Campaign group The Dad Shift said it was the least generous paternity leave in Europe.
The government has said it will launch a "full review" into paternity and shared leave.
Scott Luke, a father of two in Wallsend, told the BBC how he had struggled following the birth of his daughter because paternity leave did not give him enough time or pay to care for his wife and bond with his new child.
He told the BBC: "My partner Victoria had a C-section with our second born, I took two weeks' annual leave and two weeks' paternity.
"When I went back to work, I just didn't feel ready.
"I was worried about my partner being at home with two children, a very boisterous toddler and a new born baby.
"I lost around £1,400 of pay."

Alex Lloyd Hunter, co-founder of national charity The Dad Shift, said the UK's paternity provision was bad for both mothers and fathers, because it limited the choices families had about who could return to work and who looked after the children.
He said: "As a bare minimum we think the government needs to move to six weeks paid at 90% of your salary - that's what you get in the first part of maternity leave.
"Longer term, you can look at countries like Spain where you get sixteen weeks and Sweden, which offers each parent 90 days and then 300 days to share between them."
The government has set out measures in its employment rights act which it says will make work pay for families, including a right to parental leave from day one of employment.
It has also promised a review of paternity and shared leave.
Lola McEvoy, Labour MP for Darlington, recently called for a change to employment rights for fathers taking paternity leave.

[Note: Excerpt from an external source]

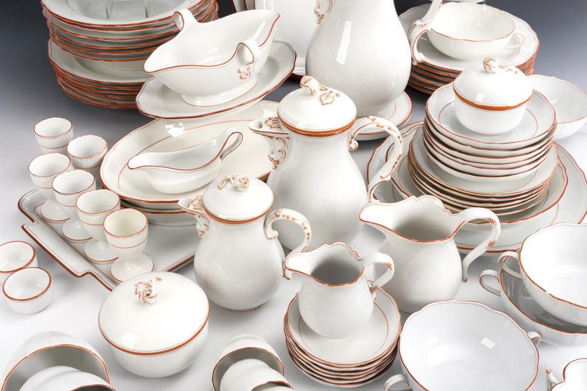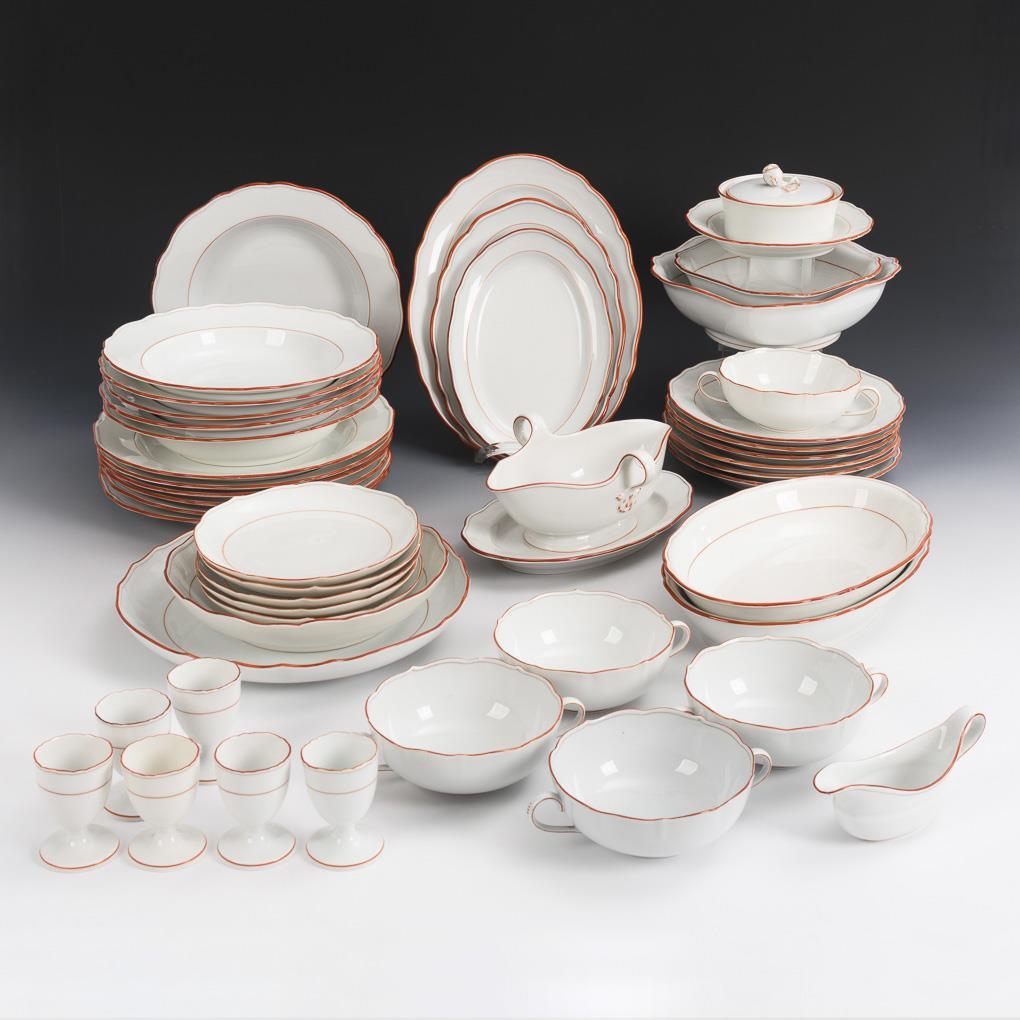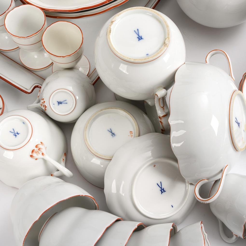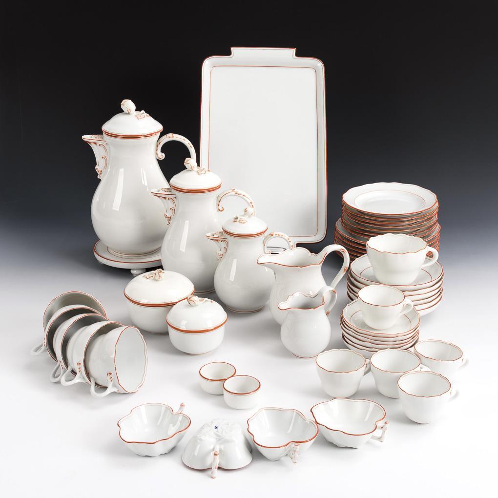 Comprehensive coral rim dinner and coffee service. Meissen.

She told BBC Politics North: "Dads want to spend time with their children, and that's good for mums, and good for babies as well.
"People say the answer is that men should take more shared parental leave, but they don't, there's only a 2% uptake because it's not really feasible for women to go back early."
The shadow transport minister, Conservative MP Kevin Hollinrake, said while he was sympathetic to the campaigners' cause, the impact on small businesses must be considered.
He said: "Of course you want to make sure fathers have crucial days and weeks and months.
"There is a limit to what business can deliver for society, we can't see them as a cow to be milked."

Nikki Masterman, from Blyth-based Inspired HR, said the wide raft of employment rights changes would put business under enormous strain, and enhanced paternity leave could add even more pressure on small firms.
"I see it from both sides," she said. "There's real potential for what it can do families, especially on limited incomes.
"But I also see the challenges for small businesses.
"There a lot coming for businesses financially and resource wise. They're going to struggle to get their head around it.
"Financially I think it's going to break some, we're already seeing it happening."